The photoreceptor, which is initially charged to a voltage V0, undergoes dark decay to a level Vddp equal to about -500 volts. When exposed at the exposure station B the image areas are discharged to VDAD equal to about -50 volts. Thus after exposure, the photoreceptor contains a monopolar voltage profile of high and low voltages, the former corresponding to charged areas and the latter corresponding to discharged or image areas.

At a first development station C, a magnetic brush developer structure, indicated generally by the reference numeral 26 advances insulative magnetic brush (IMB) material 31 into contact with the electrostatic latent image. The development structure 26 comprises a plurality of magnetic brush roller members. These magnetic brush rollers present, for example, negatively charged black toner material to the charged image areas for development thereof. Appropriate developer biasing is accomplished via power supply 32. Electrical biasing is such as to effect discharged area development (DAD) of the lower (less negative) of the two voltage levels on the photoreceptor with the material 31.

At recharging station D, a pair of corona recharge devices 36 and 37 are employed for adjusting the voltage level of both the toned and untoned areas on the photoreceptor surface to a substantially uniform level. A power supply coupled to each of the electrodes of corona recharge devices 36 and 37 and to any grid or other voltage control surface associated therewith, serves as a voltage source to the devices. The recharging devices 36 and 37 serve to substantially eliminate any voltage difference between toned areas and bare untoned areas, as well as to reduce the level of residual charge remaining on the previously toned areas, so that subsequent development of different color toner images is effected across a uniform development field. The first corona recharge device 36 overcharges the photoreceptor surface 10 containing previously toned and untoned areas, to a level higher than the voltage level ultimately required for Vddp, for example to -700 volts. The predominant corona charge delivered from corona recharge device 36 is negative. The second corona recharge device 37 reduces the photoreceptor surface 10 voltage to the desired Vddp, -500 volts. Hence, the predominant corona charge delivered from the second corona recharge device 37 is positive. Thus, a voltage split of 200 volts is applied to the photoreceptor surface. The voltage split (Vsplit) is defined as the difference in photoreceptor surface potential after being recharged by the first corona recharge device and the second corona recharge device, e.g. Vsplit =-700 volts--500 volts =-200 volts. The surface 10 potential after having passed each of the two corona recharge devices, as well as the amount of voltage split of the photoreceptor, are preselected to otherwise prevent the electrical charge associated with the developed image from substantially reversing in polarity, so that the occurrence of under color splatter (UCS) is avoided.
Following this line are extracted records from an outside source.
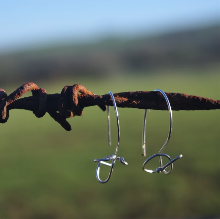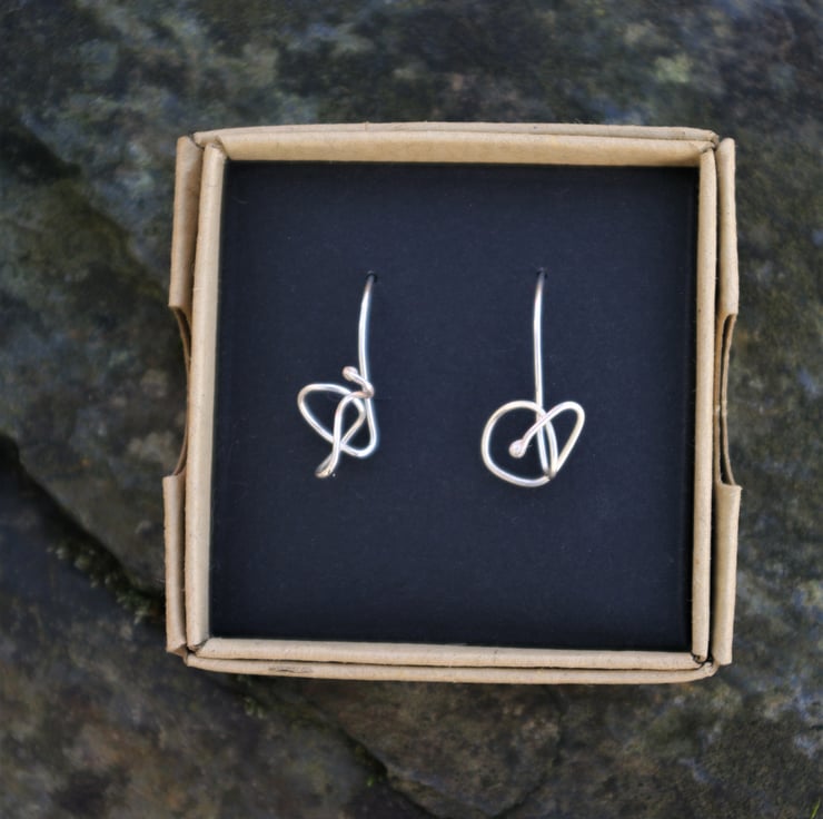 Silver squiggle dangle earrings made from eco sterling silver 0.7mm wire ( slightly thinner than the other pair)
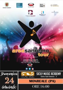 Area Sanremo Tour approda per il Casting della fase eliminatoria a Monreale (PA) , Quest’Anno Area Sanremo ha scelto come sede l’Accademia Musicale “SICILY MUSIC ACADEMY” diretta da M° Davide Cutrona.
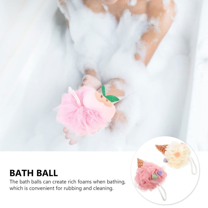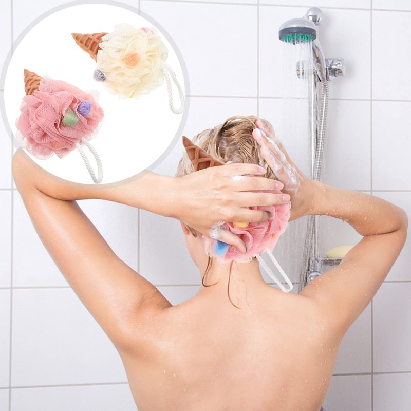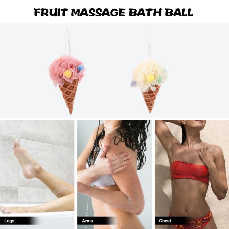2Pcs Ice Cream Bath Shower Loofah Sponge Mesh Pouf Shower Ball Exfoliating Shower Sponge Loofa Loufa Puff Scrubber for Men Women Bathroom
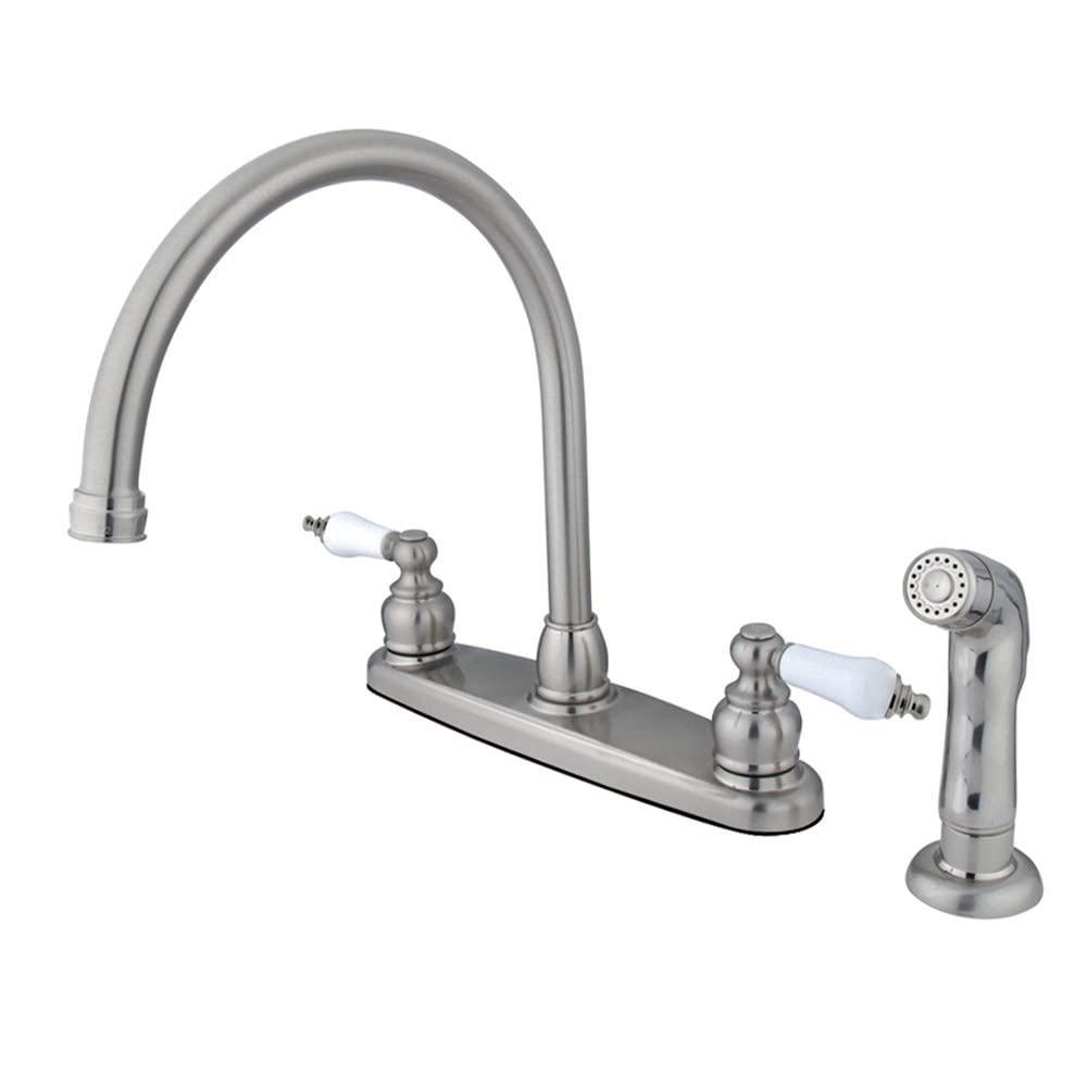 › porcelain-cross-handle-kitchenPorcelain Cross Handle Kitchen Faucets at Faucet.com Heritage Kitchen Faucet with Porcelain Cross Handles and Brass Side Spray Available in 4 finishes $266.47 - $318.47 (3) Compare Kingston Brass KS179.PXBS Heritage Widespread Kitchen Faucet with Porcelain Cross Handles and Brass Side Spray Available in 4 finishes $240.47 - $259.97 (3) Compare Kingston Brass KS279.PXBS

Further, the corona recharge device types and the voltage split are selected to ensure that the charge at the top of the toner layer is substantially neutralized rather than driven to the reverse polarity (e.g. from negative to become substantially positive). These selected parameters are described in further detail with reference to FIGS. 3A-3F.

A second exposure or imaging device 38 which may comprise a laser based output structure is utilized for selectively discharging the photoreceptor on toned areas and/or bare areas to approximately -50 volts, pursuant to the image to be developed with the second color developer. After this point, the photoreceptor contains toned and untoned areas at relatively high voltage levels (e.g. -500 volts) and toned and untoned areas at relatively low voltage levels (e.g. -50 volts). These low voltage areas represent image areas which are to be developed using discharged area development. To this end, a negatively charged developer material 40 comprising, for example, yellow color toner is employed. The toner is contained in a developer housing structure 42 disposed at a second developer station E and is presented to the latent images on the photoreceptor by a non-interactive developer. A power supply (not shown) serves to electrically bias the developer structure to a level effective to develop the DAD image areas with the negatively charged yellow toner particles 40.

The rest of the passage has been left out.